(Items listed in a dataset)
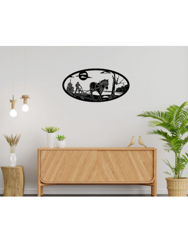 Technische Daten: Material: Stahl – Mattschwarze Pulverbeschichtung Abmessungen: Ca. 60 x 45 cm, 3 mm Dicke, Gewicht etwa 1 kg Verwendung: Geeignet für den Innen- und Außenbereich, einfach zu installieren dank integrierter Befestigungslöcher Fertigung: Jede Metall-Wanddekoration wird in...
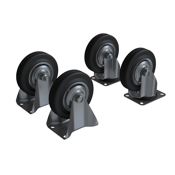 - В комплект поставки входят 2 поворотных и 2 неповоротных колеса.
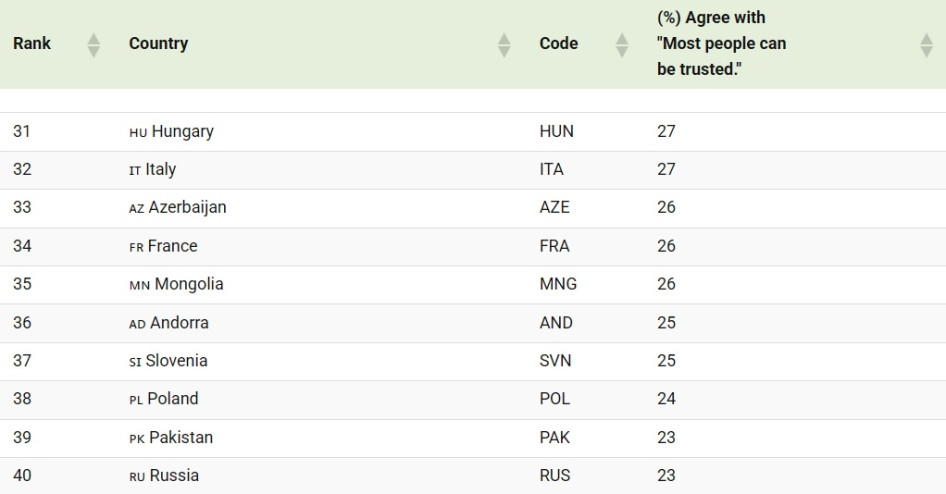 A 2022-es, 2024-ben közzétett felmérési adatok szerint az északi országokban a legtöbb emberben meg lehet bízni. Dánia, Norvégia, Finnország, Svédország és Izland az első hat hely közül ötöt foglal el.
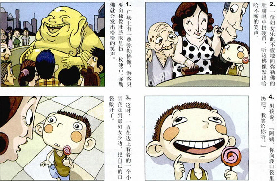 我笑给你听 广场上有一尊弥勒佛像,游客只要向佛像肚脐眼里扔一枚硬币,弥勒佛就会发出哈哈的笑声。 一位妇女乐此不疲地向弥勒佛的肚脐眼中扔硬币,听这佛像发出哈哈不断的笑声。 这时,一直在边上看着的一个小男孩走到那妇女身边,把自己的口袋敞开了。 男孩说:“阿姨,你向我口袋里扔吧,我笑给你听。”
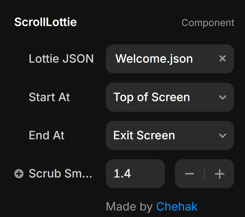 Lottie On Scroll lets you control a Lottie animation using the user’s scroll. Instead of autoplaying, the animation progresses as the page scrolls forward when scrolling down, backwards when scrolling up.
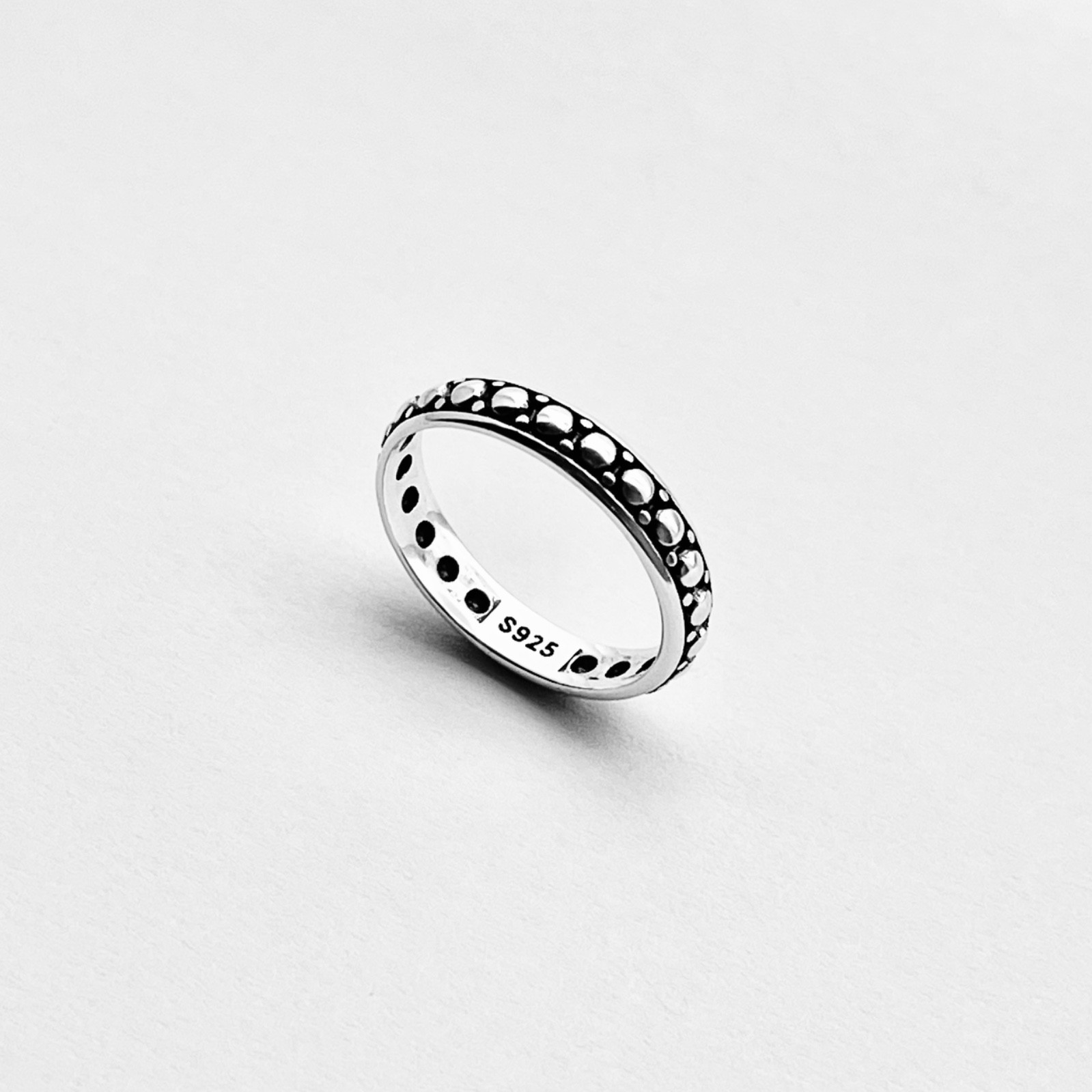 Sterling Silver Beads Inside Band Ring, Silver Rings, Stackable Beads Band, Dots
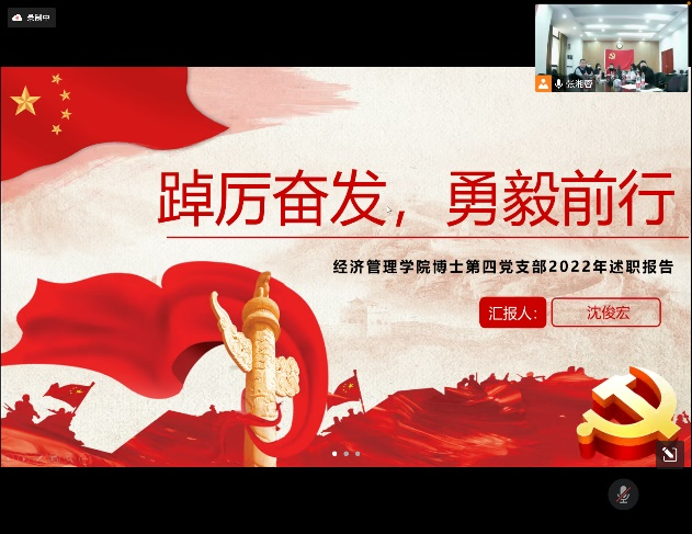 述职伊始,王斌传达了学院党委关于党支部考核的精神,讲解了述职考核议程、考核要求和评分办法。

* **Task to complete**
Repeat only the lines from the line with "A 2022-es, 2024-ben" to the end of the entries, including both the first and the last line, and drop every picture.

* **Answer to this problem**
 A 2022-es, 2024-ben közzétett felmérési adatok szerint az északi országokban a legtöbb emberben meg lehet bízni. Dánia, Norvégia, Finnország, Svédország és Izland az első hat hely közül ötöt foglal el.
 我笑给你听 广场上有一尊弥勒佛像,游客只要向佛像肚脐眼里扔一枚硬币,弥勒佛就会发出哈哈的笑声。 一位妇女乐此不疲地向弥勒佛的肚脐眼中扔硬币,听这佛像发出哈哈不断的笑声。 这时,一直在边上看着的一个小男孩走到那妇女身边,把自己的口袋敞开了。 男孩说:“阿姨,你向我口袋里扔吧,我笑给你听。”
 Lottie On Scroll lets you control a Lottie animation using the user’s scroll. Instead of autoplaying, the animation progresses as the page scrolls forward when scrolling down, backwards when scrolling up.
 Sterling Silver Beads Inside Band Ring, Silver Rings, Stackable Beads Band, Dots
 述职伊始,王斌传达了学院党委关于党支部考核的精神,讲解了述职考核议程、考核要求和评分办法。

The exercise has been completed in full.